— Зачем ты внял домоганиям московского князя и привёл в Вильно десять сотен воинов?
— Так записано в договорной грамоте, — оправдывался Заберезинский.
— В Смоленске потребовал бы от Елены отправить воинов домой. На нашей земле мы властны распоряжаться по–своему. К тому же мы не собираемся никого пугать русским войском. Что подумает магистр Ливонского ордена, что скажет шведский король?
— Ты, канцлер Влад, не знаешь нрава государя Ивана. Он вдогонку послал бы рать и до Вильно дошёл бы. Потому его лучше не гневить, — миролюбиво отвечал Ян Заберезинский.
— А я говорю так: он не посмеет отныне угрожать нам, если дорожит своей дочерью, — горячо заявил Монивид.

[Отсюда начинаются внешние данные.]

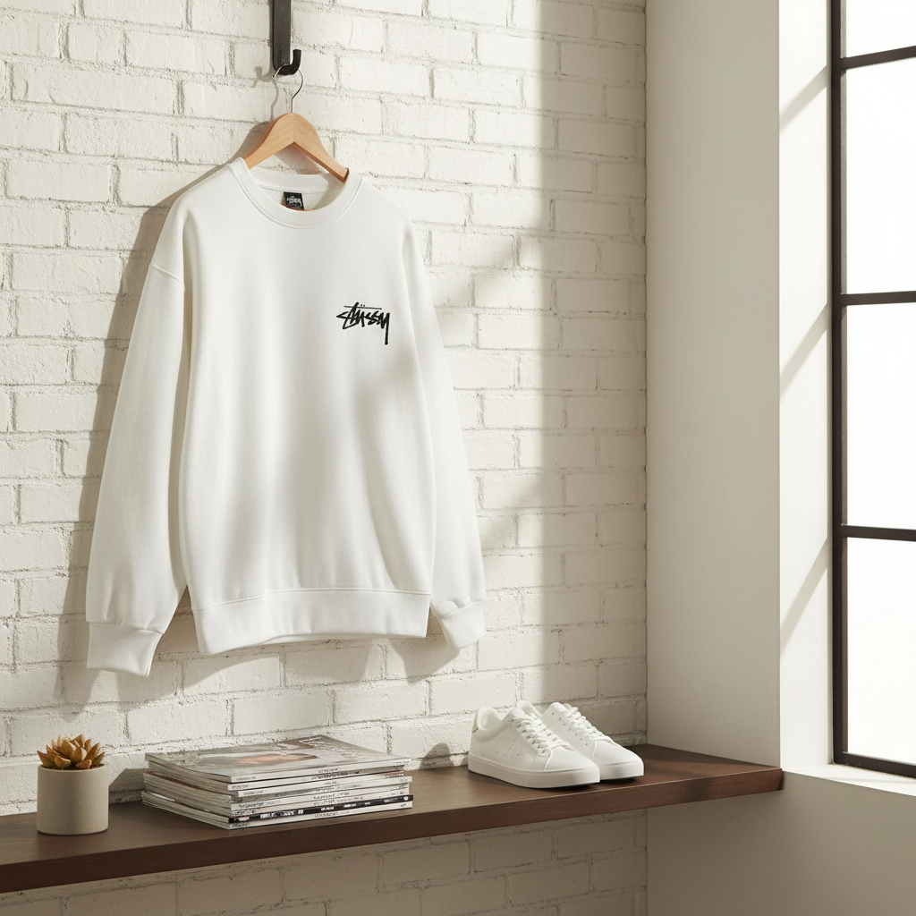 Stussy White Crewneck Sweatshirt, soft breathable cotton, front classic logo print, back black-and-white landscape graphic, unisex streetwear style, perfect for daily casual outfits.

— Не посмеет! — дружно закричали вельможи, слушавшие перепалку канцлера и гетмана.
Даже князь Михаил Глинский проявил горячность:
— Вельможные панове, позвольте мне выпроводить московитов за рубеж! Мои шляхтичи сделают это с радостью во имя Святой Девы Марии.

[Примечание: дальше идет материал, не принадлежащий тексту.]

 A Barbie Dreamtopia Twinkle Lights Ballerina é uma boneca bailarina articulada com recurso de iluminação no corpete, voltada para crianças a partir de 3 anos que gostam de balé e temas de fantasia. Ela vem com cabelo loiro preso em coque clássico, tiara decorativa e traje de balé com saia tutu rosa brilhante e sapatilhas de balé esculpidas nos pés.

Однако этот самый богатый вельможа Литвы и Польши сказал всё для красного словца. Нет, он не собирался выгонять из Литвы русских воинов, он вынашивал особые планы на будущее, и они были связаны с Русским государством. О планах Михаила Глинского пока в Литве никто не ведал, и вельможи охотно согласились с ним.
— Мы благословляем тебя, князь Михаил, — ответил Монивид, — и дополним ряды твоих шляхтичей нашими.
По мере того как вельможи угревались хмельным, страсти разгорались. Уже вечером того же дня, когда Елена и Александр удалились в спальню, паны рады сошлись в мнении о том, что вместе с ратниками княгини надо выпроводить из Вильно и всех её приближенных.
— Нет нужды держать их здесь. Пусть в Нижнем замке служат наши шляхтичи. Им надо хлеб добывать. К тому же видите, что сегодня произошло: государь уже не с нами, а завтра он забудет и о своём народе, — с жаром говорил канцлер Монивид.
Первым с ним согласился виленский епископ Адальберт Войтех:
— Господь не простит нам, если схизматики [18] московиты будут стоять близ государя и государыни, и мы не добьёмся того, чтобы Елена вошла в лоно католичества. Помните, если великая княгиня останется в православии, нас ждут неминуемые беды. Изгоним её окружение, и нам легче будет добиться, чтобы она приняла веру римского закона. Я со своей стороны потребую от рады и от великого князя закрыть православные храмы в Вильно и по всему великому княжеству.
— Мы с тобою, святой отец! — громко выкрикнул граф Витус Хребтович. — Долой схизматиков!
Все эти беснования первых вельмож Литвы велись в хмельном угаре, и, казалось бы, на другой день их предадут забвению. Ан нет, жажда очистить Вильно от всех придворных Елены, от её ратников и дворни становилась навязчивой настолько, что окружение великой княгини никто уже больше не мог терпеть.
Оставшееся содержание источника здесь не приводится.